Python Forum

Full Version: Parse data from downloaded html
You're currently viewing a stripped down version of our content. View the full version with proper formatting.
I want to extract from a directory (where i have stored my downloaded htmls), all the "executives". In this directory their are app 1.000 htmls stored wich should have the div id= article_participants element (if not, the files can be ignored) :

Quote:<DIV id=article_participants class="content_part hid">
<P>Redhill Biopharma Ltd. (NASDAQ:<A title="" href="http://seekingalpha.com/symbol/rdhl" symbolSlug="RDHL">RDHL</A>)</P>
<P>Q4 2014 <SPAN class=transcript-search-span style="BACKGROUND-COLOR: yellow">Earnings</SPAN> Conference <SPAN class=transcript-search-span style="BACKGROUND-COLOR: #f38686">Call</SPAN></P>
<P>February 26, 2015 9:00 AM ET</P>
<P><STRONG>Executives</STRONG></P>
<P>Dror Ben Asher - CEO</P>
<P>Ori Shilo - Deputy CEO, Finance and Operations</P>
<P>Guy Goldberg - Chief Business Officer</P>
<P><STRONG>Analysts</STRONG></P>

My output would need to be Name, Function, Period, Symbol:
Example: Ori Shilo | Deputy CEO,Finance and operations | q4 2014 | RDHL
I tried the following, but it's not sufficient:
import textwrap
import os
from bs4 import BeautifulSoup

directory ='C:/Research syntheses - Meta analysis/SeekingAlpha/out'
for filename in os.listdir(directory):
    if filename.endswith('.html'):
        fname = os.path.join(directory,filename)
        with open(fname, 'r') as f:
            soup = BeautifulSoup(f.read(),'html.parser')

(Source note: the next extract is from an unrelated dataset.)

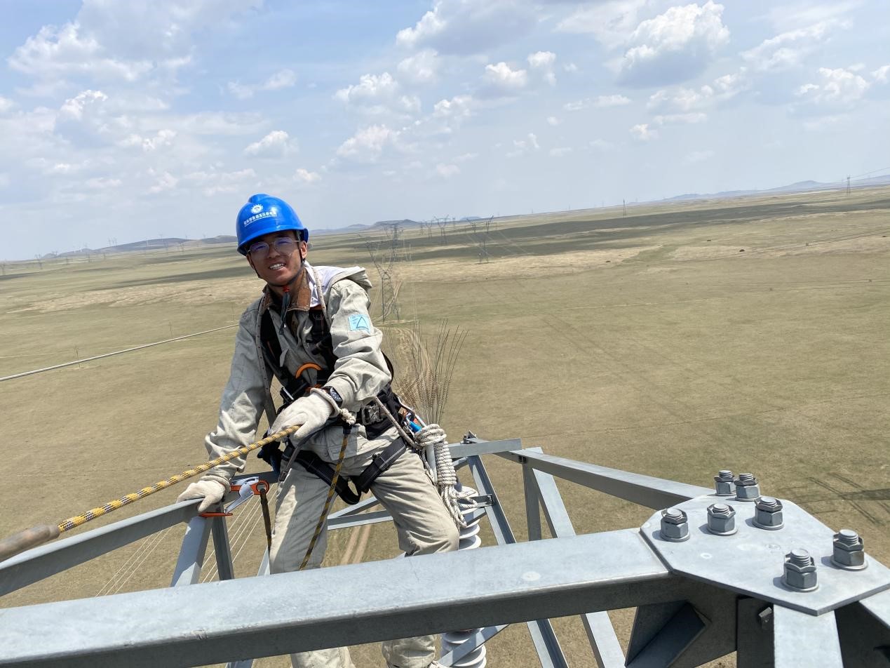 張喜峰、孫思豪,一位是高空檢修I班班長,一位是高空檢修II班的專責工,同樣為了檢修工作被阻截了回家的路,他們主動加入了應急檢修隊伍,為線路安全穩(wěn)定運行做好保障。張喜峰的孩子剛?cè)龤q,平時因為工作就與孩子相處不多,現(xiàn)在更因為疫情被分隔在兩地,每天只能通過視頻參與孩子的成長。孫思豪的妻子在烏海工作,今年剛結婚,妻子趕來錫林浩特看望丈夫,但因為丈夫在西烏旗參加檢修不能返回錫林浩特,奔赴千里,卻近在咫尺而不能相見。
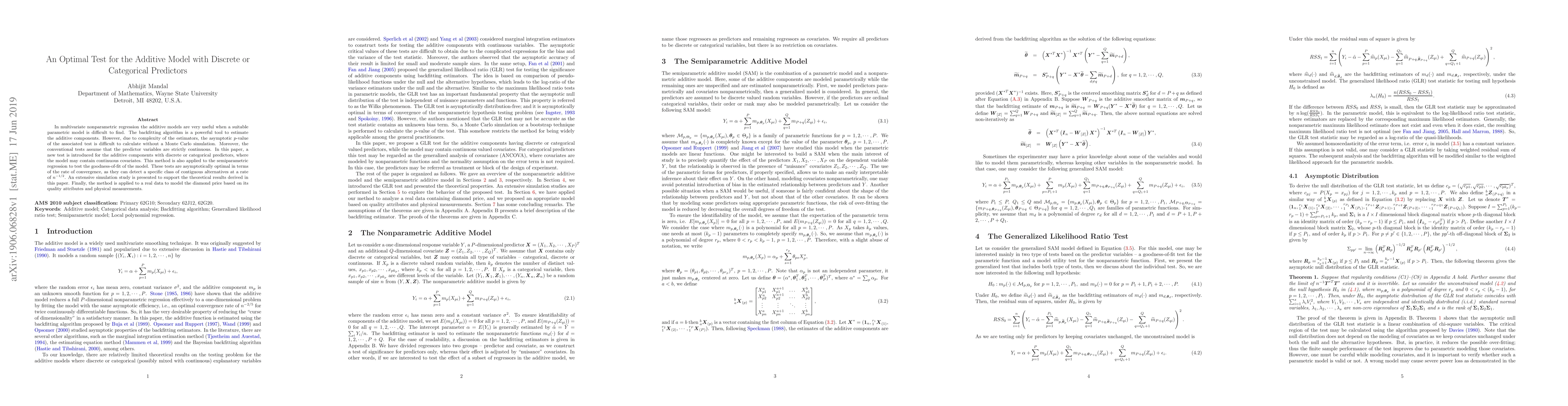 In multivariate nonparametric regression the additive models are very useful when a suitable parametric model is difficult to find. The backfitting algorithm is a powerful tool to estimate the additive components. However, due to complexity of the estimators, the asymptotic $p$-value of the associated test is difficult to calculate without a Monte Carlo simulation. Moreover, the conventional tests assume that the predictor variables are strictly continuous. In this paper, a new test is introduced for the additive components with discrete or categorical predictors, where the model may contain continuous covariates. This method is also applied to the semiparametric regression to test the goodness-of-fit of the model. These tests are asymptotically optimal in terms of the rate of convergence, as they can detect a specific class of contiguous alternatives at a rate of $n^{-1/2}$. An extensive simulation study is presented to support the theoretical results derived in this paper. Finally, the method is applied to a real data to model the diamond price based on its quality attributes and physical measurements.

print('{:<30} {:<70}'.format('Name', 'Answer'))
print('-' * 101)
Can someone help me?Q4
soup.find('div': {'id','article_participants'})
Sorry on a phone and was a pain to type that
sorry, i hope we can finish this discussion on SO.
I dont use SO, so i will never see anything other than what is posted here.

Sorry my syntax was wrong:
All you have to do is accommodate it for searching files

from bs4 import BeautifulSoup

html = '''<DIV id=article_participants class="content_part hid">
<P>Redhill Biopharma Ltd. (NASDAQ:<A title="" href="http://seekingalpha.com/symbol/rdhl" symbolSlug="RDHL">RDHL</A>)</P>
<P>Q4 2014 <SPAN class=transcript-search-span style="BACKGROUND-COLOR: yellow">Earnings</SPAN> Conference <SPAN class=transcript-search-span style="BACKGROUND-COLOR: #f38686">Call</SPAN></P>
<P>February 26, 2015 9:00 AM ET</P>
<P><STRONG>Executives</STRONG></P>
<P>Dror Ben Asher - CEO</P>
<P>Ori Shilo - Deputy CEO, Finance and Operations</P>
<P>Guy Goldberg - Chief Business Officer</P>
<P><STRONG>Analysts</STRONG></P>
'''

soup = BeautifulSoup(html, 'html.parser')
found = soup.find('div', {'id':'article_participants'})
if found:
    print('found')
else:
    print('not found')
hmmm but how would this help me with multiple htmls? The above mentioned html is only an example. Although the structure of the HTML is the same.
On mobile now so I cant write a full example but you have already done that in your first code snippet. You just left soup with no search or results if it was found or not.

Loop the directory for each html file, then search each file for that soup I gave. If that returns data then it was found and log that file as it contains that ID. Then proceed in that for loop to the next file and repeat.
But my output is now only "found" or "not found". I want the data, mentioned in the first post.